Через десять минут Джип в сопровождении дочери и Оссиана вышла на обычную вечернюю прогулку. Но пошли они не наверх, к холмам, как всегда, а в сторону реки, к тому месту, которое у них называлось "пустошью". Это были два покрытых осокой луга, разгороженные насыпью, на которой росли дубки и ясени. У перекрестка, где сходились луга, стоял старый каменный сарай с проломом! в стене, который зарос плющом до самой тростниковой крыши. Это место, затерянное среди полей пшеницы, лугов и буковых зарослей, казалось, жило какой-то собственной жизнью; его любили звери, птицы, и маленькая Джип недавно видела здесь двух зайчат. На дубе с еще негустой листвой сидела кукушка и куковала; они остановились и смотрели на серую птичку, пока та не улетела. Птичий гомон среди безмятежного покоя, золотисто-зеленые листья дубков и ясеней, выглядывающие из травы полевые цветы - болотная орхидея, сердечник, кукушкин цвет - все это наводило Джип на размышления: как непостижим тот дух, который кроется за плотью природы, за этой прозрачной улыбкой жизни, то и дело угасающей и снова возникающей из небытия! Пока они стояли у сарая, какая-то птица пролетела над ними, делая широкие круги и пронзительно крича. У нее был длинный клюв и острые крылья, казалось, птицу тревожило их присутствие. Маленькая Джип сжала руку матери.

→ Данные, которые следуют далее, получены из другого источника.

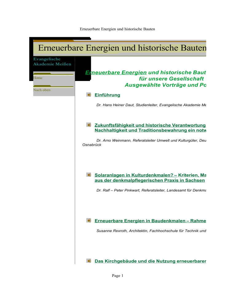 Erneuerbare Energien und historische Bauten Erneuerbare Energien und historische Bauten Evangelische Akademie Meißen Home Erneuerbare Energien und historische Bauten - Nachha für unsere Gesellschaft Ausgewählte Vorträge und Poster Nach oben Einführung Dr. Hans Heiner Daut, Studienleiter, Evangelische Akademie Meißen Zukunftsfähigkeit und historische Verantwortung Nachhaltigkeit und Traditionsbewahrung ein notwendiger Kom Dr. Arno Weinmann, Referatsleiter Umwelt und Kulturgüter, Deutsche Bundesstiftu Osnabrück Solaranlagen in Kulturdenkmalen? – Kriterien, Maßstäbe und B aus der denkmalpflegerischen Praxis in Sachsen Dr. Ralf – Peter Pinkwart, Referatsleiter, Landesamt für Denkmalpflege Sachsen, Erneuerbare Energien in Baudenkmalen – Rahmen, Spielräume Susanne Rexroth, Architektin, Fachhochschule für Technik und Wirtschaft, Berlin Das Kirchgebäude und die Nutzung erneuerbarer Energie Page 1 Erneuerbare Energien und historische Bauten Schöpfungsauftrag ?! Dr. Ulrich Böhme, Baureferent i. R., Landeskirchenamt der Ev.- Luth. Landeskirch Dresden Evangelische Akademie Meißen als Bildungseinrichtung und Demonstrationsobjekt für die Anwendung Erneuerbarer Dr. Eberhard Pfau, Architekturbüro Dresden Effiziente Energienutzung Dr. Stephan Scheffler, Ingenieurbüro, Dresden Photovoltaik bei der Restaurierung in Sachsen – eine Innovatio sich Bahn Dieter Winkler, Solarwatt, Solare- Systeme GmbH, Dresden Erneuerbare Energien und politische Umsetzung in Sachsen Dr. Bernd Wolters, Referent, Sächsisches Staatsministerium für Umwelt und Land Dresden Erneuerbare Energien und historische Bauten - Zusammenfass Diskussionsstandes Page 2 Erneuerbare Energien und historische Bauten Prof. Dr. Manfred Schmidt, Fachhochschule Zittau/ Görlitz, Zittau POSTER Bilder zum Vortrag D. Winkler Seitenanfang Einführung Dr. Hans Heiner Daut, Studienleiter, Evangelische Akademie Meißen Erneuerbare Energien stoßen bei ihrer Nutzung auf objektive und auf subjektive Probleme in der Gesellschaft. Kommen Erneuerbare Energien dabei mit historisch wertvollen Gebäuden in Berührung, nehmen die Akzeptanzschwierigkeiten zu. Die Evangelische Akademie versucht seit 10 Jahren diese Probleme zu benennen, im interdisziplinären Dialog zwischen Herstellern und Nutzern von Anlagen zur Umsetzung Erneuerbarer Energien sowie einer interessierten Öffentlichkeit technische Innovationen bekannt zu machen und Vorurteile abzubauen. Dabei ist deutlich, dass die Nutzung Erneuerbarer Energien ein Beitrag zur Bewahrung der Schöpfung sein kann und sie dann e akzeptiert erfolgt, wenn die technischen Lösungen den Einsatzerfordernissen angepasst w Probleme in gegenseitiger Abstimmung zu einer Annäherung geführt worden sind. Dass da individuelle Bewusstseinsänderungen erreicht werden müssen, ist immer wieder erkennbar Die Tagungen der Evangelischen Akademie Meißen haben versucht, diesen Bildungsauftra wahrzunehmen und in der praktischen Umsetzung die Chancen zu verdeutlichen, die in de Erneuerbarer Energie liegen. In dem 8. Meißner Forum – von der Deutschen Bundesstiftun dem Regierungspräsidium Dresden finanziell unterstützt –wird der Bildungsauftrag eindruck Präsentation der Demonstrationsobjekte der Evangelischen Akademie veranschaulicht. Ein rapsölbetriebenes Blockheizkraftwerk – von dem Sächsischen Umweltministerium geförder Regenwasseraufbereitung zur Speisung des Brauchwasserkreislaufes der Akademie im Einsatz, eine Solarthermie- und eine Photovoltaikanlage – von der Deutschen Bundesst gefördert und seit wenigen Monaten in Betrieb, demonstrieren den Einsatz Erneuerbarer En Akademie und führen vor, welchen Beitrag diese neuen Energiequellen zur thermischen un elektrischen Versorgung leisten können. Welchen Umfang Erneuerbare Energien in Sachs annehmen, welche technischen Lösungen möglich sind und wie eine von allen Beteiligten Lösung aussehen kann, ist darüber hinaus anschaulich dargestellt worden. Page 3 Erneuerbare Energien und historische Bauten Seitenanfang Zukunftsfähigkeit und historische Verantwortung – (k)ein Widerspruc Nachhaltigkeit und Traditions-bewahrung ein notwendiger Komprom Dr. Arno Weinmann, Referatsleiter Umwelt und Kulturgüter, Deutsche Bundesstiftung Umw Osnabrück Abstract Der Erhalt von Kulturdenkmälern ist kultureller Um Denkmalgeschützte Gebäude zu bewahren und zu schont Ressourcen im Baubereich. Kulturlandscha historische Gärten zu erhalten dient auch dem Art der Erholung des Menschen. Im Bundesgesetz zu der Deutschen Bundesstiftung Umwelt von 1990 u daraus abgeleiteten Förderleitlinien Förderbereich Kulturgüter" wird die Verbindung von Umwelt- und Kulturgüterschutz deutlich. Religiös-ethisch findet der Kulturgüterschutz seine Rechtfertigung in der Bewahrung der Sc wozu ausdrücklich auch das vom Menschen Geschaffene gehört. Analog zur Biodiversität ist kulturelle Vielfalt in einer zunehmend globalisierten Welt geford schafft Identität. Kultur beantwortet die Frage: Woher kommt der Mensch? Die Nutzung regenerativer und umweltfreundlicher Energien ist ein Schritt zur Bewahrung u Umwelt. Die Deutsche Bundesstiftung Umwelt förderte deshalb in ihrem Programm für die Sonnenenergie" von 1999 – 2001 die Nutzung von solarthermischen Anlagen und Photovoltaikanlagen in Verknüpfung mit Maßnahmen der Öffentlichkeitsarbeit. Auch für denkmalgeschützte Gebäude ist zu fragen, wie ihre Nutzung den genannten Anforderunge Page 4 Erneuerbare Energien und historische Bauten Teilaspektes des Umweltschutzes angepasst werden kann. Verschiedene Umweltziele können miteinander konkurrieren. Es sei hier nur auf die aktuel zwischen Naturschützern und Befürwortern von Windenergie verwiesen. Auch der Erhalt ei denkmalgeschützten Gebäudes kann in Konflikt geraten mit der Nutzung umweltfreundliche sowie der geplanten Einsparung von Energie durch den Eigentümer. Es ist Aufgabe von Mo der DBU, solche Konflikte zu lösen und Ratschläge für den Umgang mit solchen Konfli

- Бедная птичка, правда, мам?
- Да, детка. Это каравайка. Может быть, ее друг ранен.
- А что такое друг?
- Птица, с которой она живет вместе.
- Она боится нас?
- Давай пойдем, посмотрим, что с ней приключилось.
Каравайка все летала над ними с пронзительным криком. Маленькая Джип предложила:
- Мам, давай поговорим с ней. Мы ведь не хотим ее обидеть, правда?
- Конечно, нет, милая. Но боюсь, что бедная птичка совсем дикая. Попробуй, если хочешь.
Нежный голосок маленькой Джип присоединился к крикам каравайки, таким жалобным в тихом спокойствии вечера.
- О, гляди! - сказала Джип. - Она опускается к самой земле - у нее там гнездышко. Не станем подходить, хорошо?
Маленькая Джип отозвалась приглушенным голосом:
- Там у нее гнездышко.
Они тихонько отошли к сараю, а каравайка все летала и кричала у них за спиной.
- А нам хорошо, мам: наш друг ведь не ранен, правда?
Джип ответила, вздрогнув:
- Да, дорогая, нам очень хорошо. Ну, а теперь пойдем пригласим дедушку к нам обедать.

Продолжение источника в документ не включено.